#### What to work on:
After locating the line that contains "キャビンが林の中にあるせいか、たいした冷え込みもなく、自然の中で食を満喫。", transcribe exactly that line and each one after it until the data ends, skipping pictures.

#### Information shown:
-=-=-=-=-

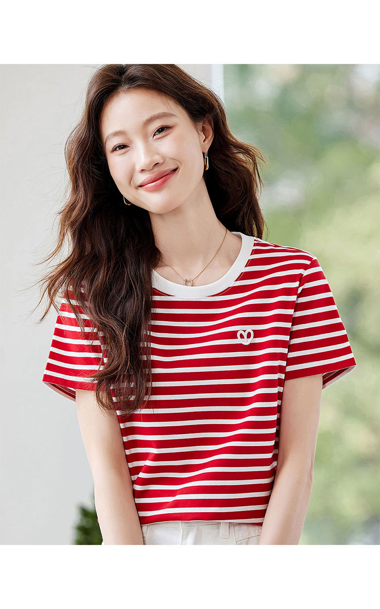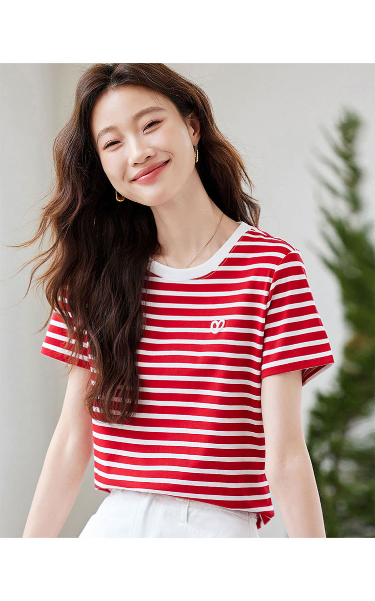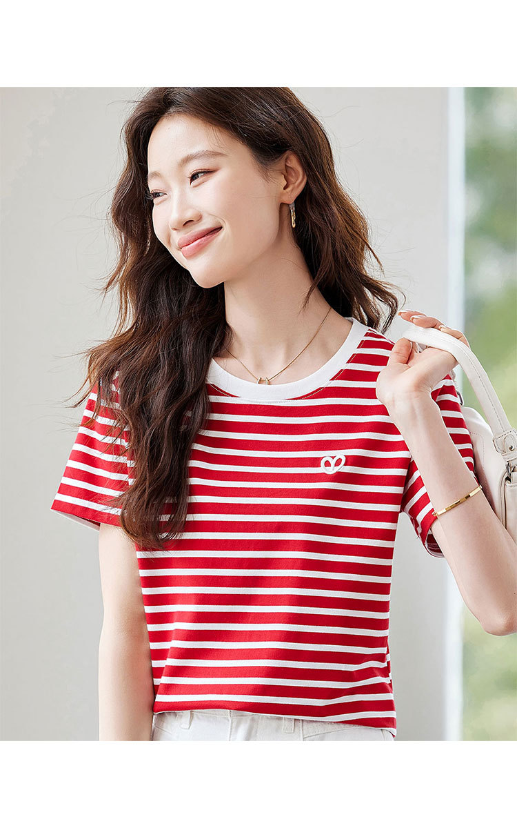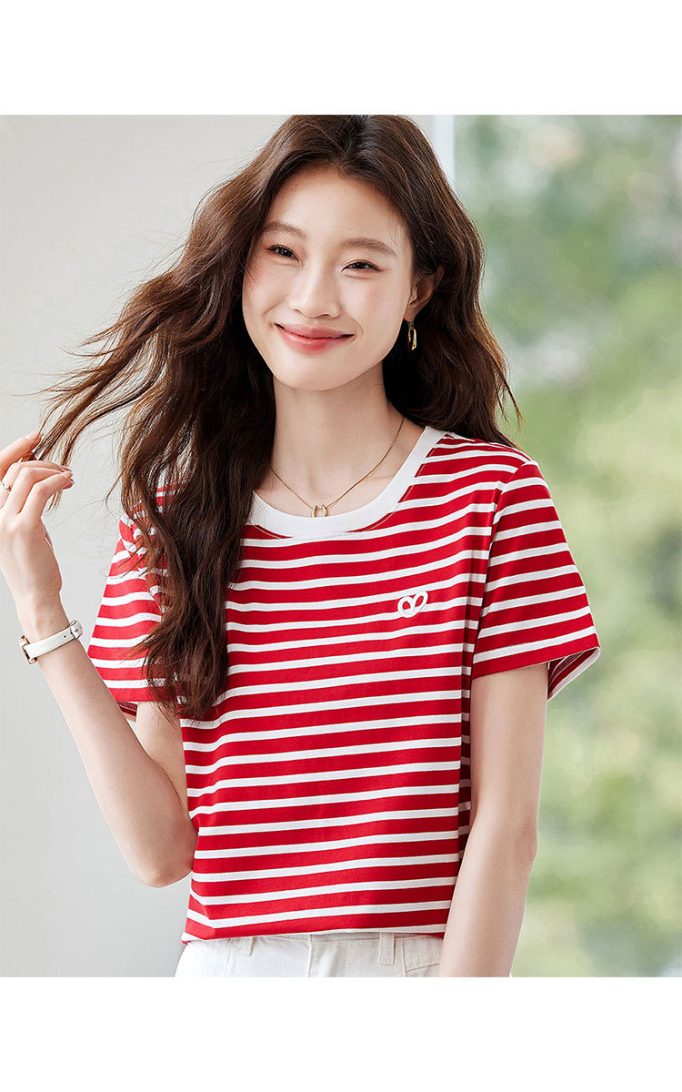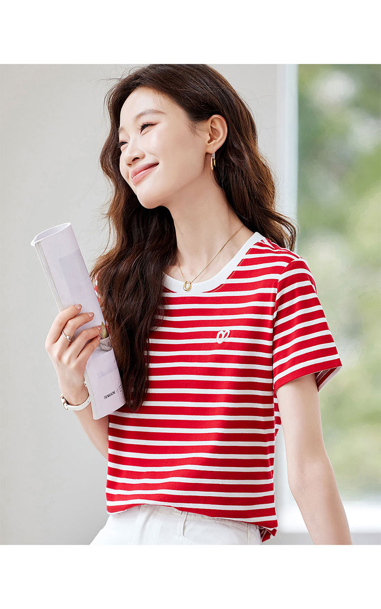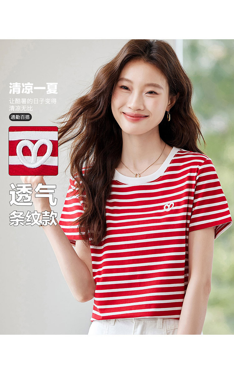 商品名称:【去繁就简】简约条纹减龄T恤女2025夏季都市通勤风撞色圆领 225055
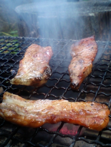 キャビンが林の中にあるせいか、たいした冷え込みもなく、自然の中で食を満喫。
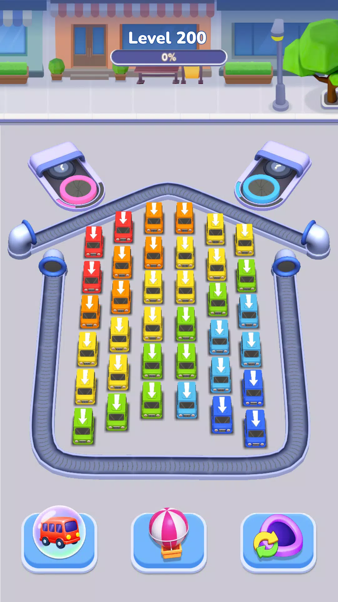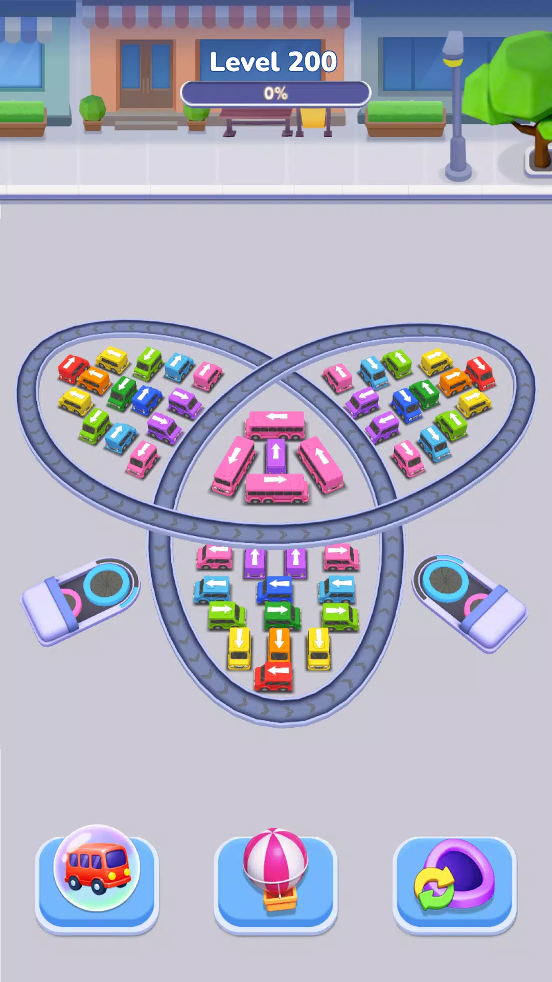 《环形巴士逃脱》是一款趣味十足的交通堵塞解谜游戏,巴士永不停歇,人们也永不停歇地奔跑——他们只是沿着环形道路绕圈行驶。在合适的时机点击屏幕,保持环形路线畅通,引导每辆巴士驶入对应颜色的出口。

-=-=-=-=-

#### Solution below:
 キャビンが林の中にあるせいか、たいした冷え込みもなく、自然の中で食を満喫。
 《环形巴士逃脱》是一款趣味十足的交通堵塞解谜游戏,巴士永不停歇,人们也永不停歇地奔跑——他们只是沿着环形道路绕圈行驶。在合适的时机点击屏幕,保持环形路线畅通,引导每辆巴士驶入对应颜色的出口。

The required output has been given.